**MATERIAL SHOWN**
════════
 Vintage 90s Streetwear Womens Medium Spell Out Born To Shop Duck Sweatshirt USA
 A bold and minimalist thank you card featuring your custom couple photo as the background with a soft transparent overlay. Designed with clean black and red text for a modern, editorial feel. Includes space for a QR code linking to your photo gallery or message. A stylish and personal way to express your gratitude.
════════
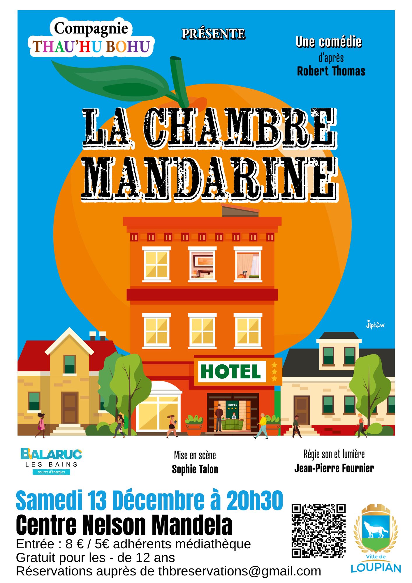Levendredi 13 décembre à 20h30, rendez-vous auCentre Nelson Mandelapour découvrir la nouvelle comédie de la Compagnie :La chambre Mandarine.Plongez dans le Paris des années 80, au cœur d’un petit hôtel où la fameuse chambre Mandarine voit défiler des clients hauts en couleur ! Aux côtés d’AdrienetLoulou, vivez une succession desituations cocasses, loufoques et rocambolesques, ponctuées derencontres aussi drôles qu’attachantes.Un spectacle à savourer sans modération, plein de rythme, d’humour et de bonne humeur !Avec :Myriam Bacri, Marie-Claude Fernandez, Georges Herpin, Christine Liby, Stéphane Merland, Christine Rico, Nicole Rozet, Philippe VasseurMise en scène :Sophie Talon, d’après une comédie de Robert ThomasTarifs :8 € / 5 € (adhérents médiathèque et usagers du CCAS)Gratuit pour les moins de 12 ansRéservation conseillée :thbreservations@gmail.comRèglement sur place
════════
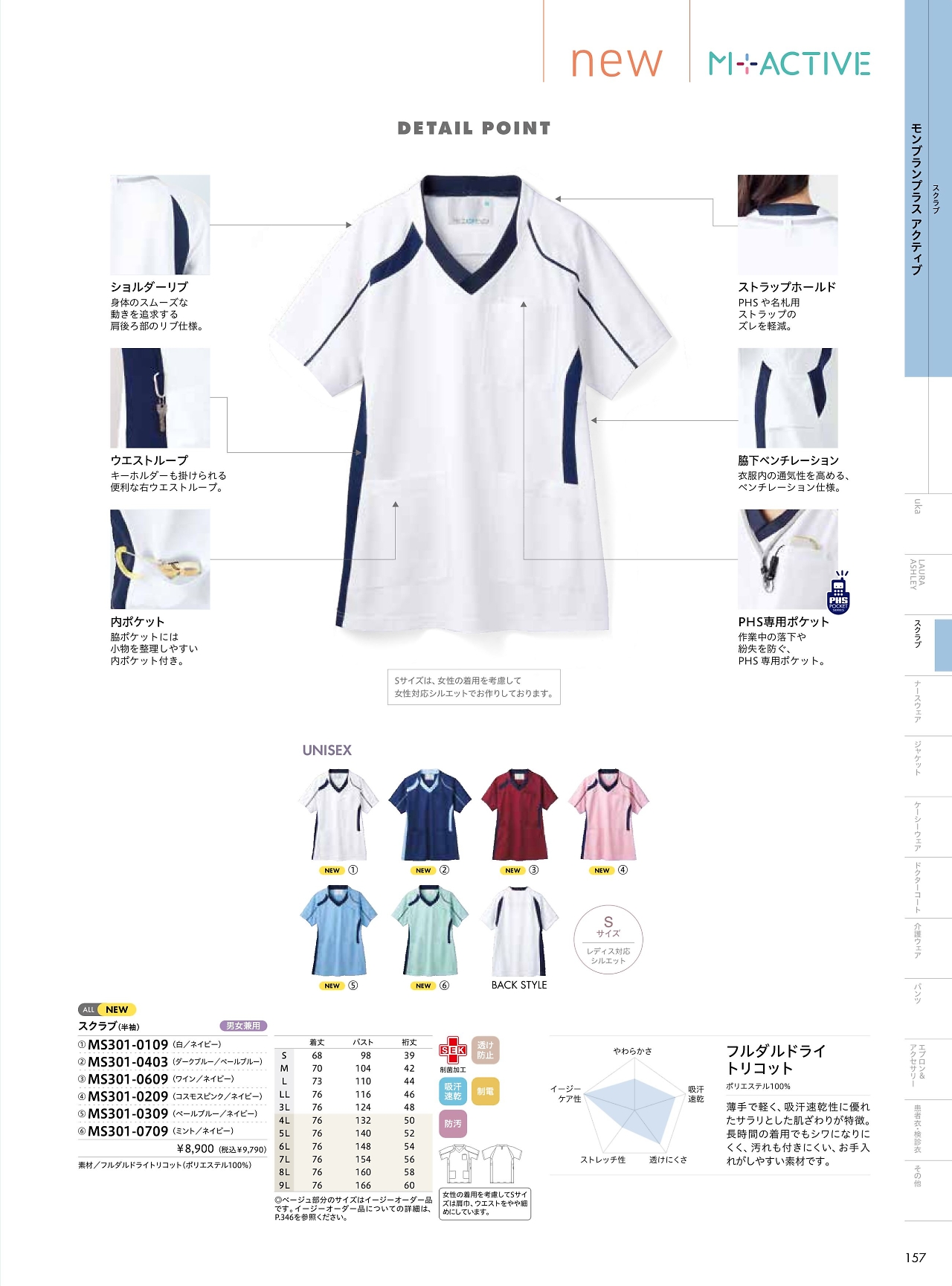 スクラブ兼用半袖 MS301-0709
════════
**WHAT THIS TASK INVOLVES**
Only the lines from the one containing "Vintage 90s Streetwear" through the one containing "A bold and minimalist" are to be retyped, both boundary lines included, with no other material.

**EXPECTED OUTPUT**
 Vintage 90s Streetwear Womens Medium Spell Out Born To Shop Duck Sweatshirt USA
 A bold and minimalist thank you card featuring your custom couple photo as the background with a soft transparent overlay. Designed with clean black and red text for a modern, editorial feel. Includes space for a QR code linking to your photo gallery or message. A stylish and personal way to express your gratitude.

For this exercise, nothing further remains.